## EXERCISE GOAL
An exact copy of the lines of the listing below between the "قال ابن عَدِي: وقد" line and the "登录账户之后,可以看到这个新" line, both included, is the whole answer; please omit the pictures.
[THE DATA — start]
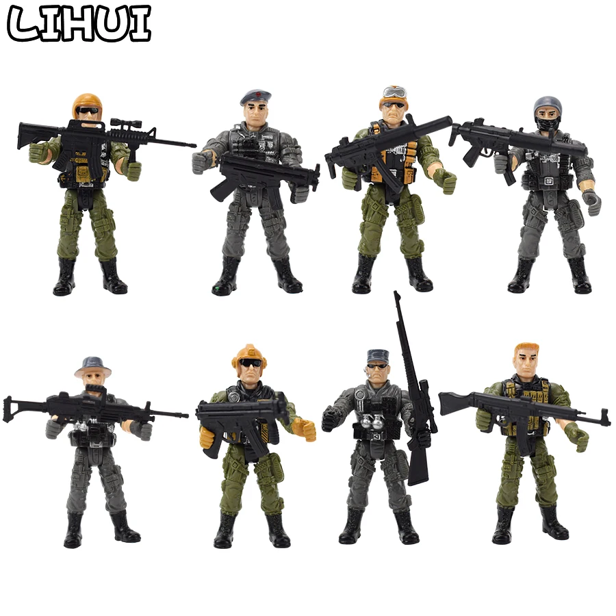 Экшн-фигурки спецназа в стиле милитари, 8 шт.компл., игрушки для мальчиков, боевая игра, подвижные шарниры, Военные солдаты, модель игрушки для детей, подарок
[THE DATA — finish]
[THE DATA — start]
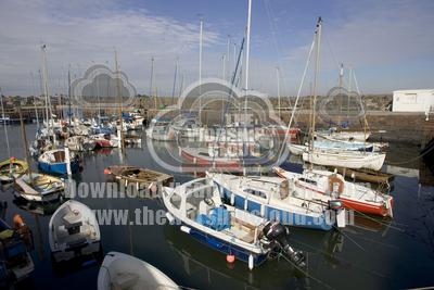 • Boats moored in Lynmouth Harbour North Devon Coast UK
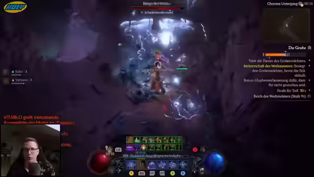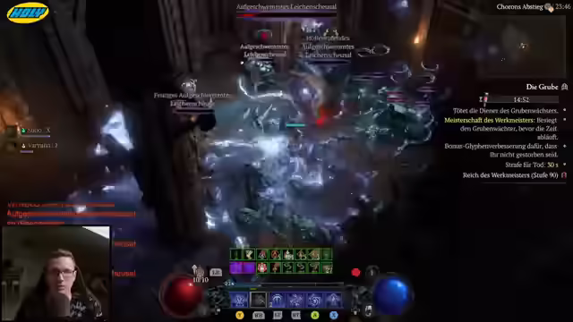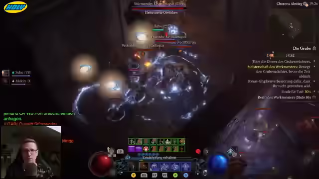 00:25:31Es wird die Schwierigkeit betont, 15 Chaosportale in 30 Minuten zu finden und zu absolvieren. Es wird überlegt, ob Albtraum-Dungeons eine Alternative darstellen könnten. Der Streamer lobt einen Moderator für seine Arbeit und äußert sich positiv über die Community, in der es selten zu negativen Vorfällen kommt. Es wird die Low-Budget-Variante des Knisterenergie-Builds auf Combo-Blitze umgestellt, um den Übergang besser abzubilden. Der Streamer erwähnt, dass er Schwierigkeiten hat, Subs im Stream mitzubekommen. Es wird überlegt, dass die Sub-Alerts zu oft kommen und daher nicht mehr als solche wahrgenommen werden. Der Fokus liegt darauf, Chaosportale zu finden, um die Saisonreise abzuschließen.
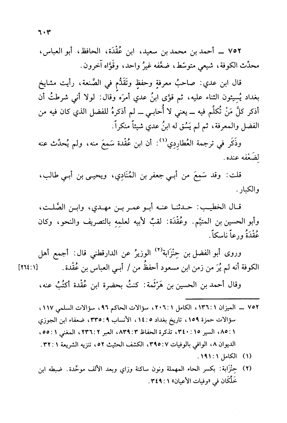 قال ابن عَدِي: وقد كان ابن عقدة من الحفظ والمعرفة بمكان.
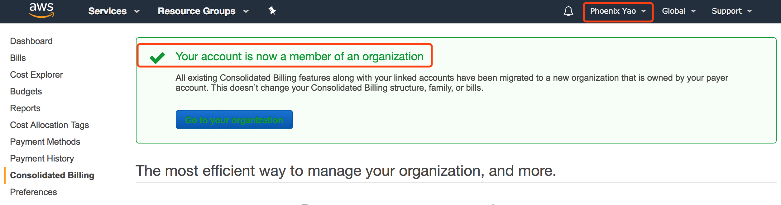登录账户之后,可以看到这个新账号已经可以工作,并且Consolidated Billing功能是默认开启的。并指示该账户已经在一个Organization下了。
[THE DATA — finish]
[THE DATA — start]
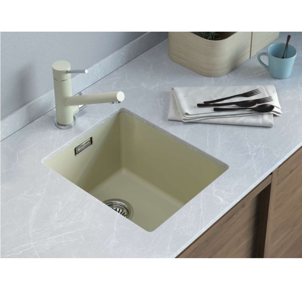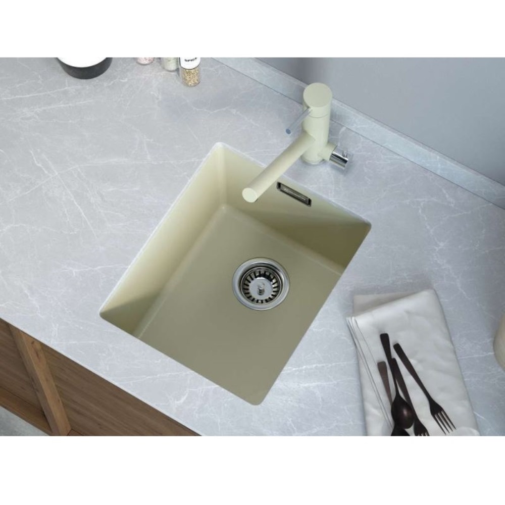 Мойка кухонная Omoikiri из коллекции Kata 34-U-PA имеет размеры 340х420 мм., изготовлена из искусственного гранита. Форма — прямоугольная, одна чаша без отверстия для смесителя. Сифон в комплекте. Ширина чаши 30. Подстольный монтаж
[THE DATA — finish]
## WRITTEN ANSWER
 قال ابن عَدِي: وقد كان ابن عقدة من الحفظ والمعرفة بمكان.
登录账户之后,可以看到这个新账号已经可以工作,并且Consolidated Billing功能是默认开启的。并指示该账户已经在一个Organization下了。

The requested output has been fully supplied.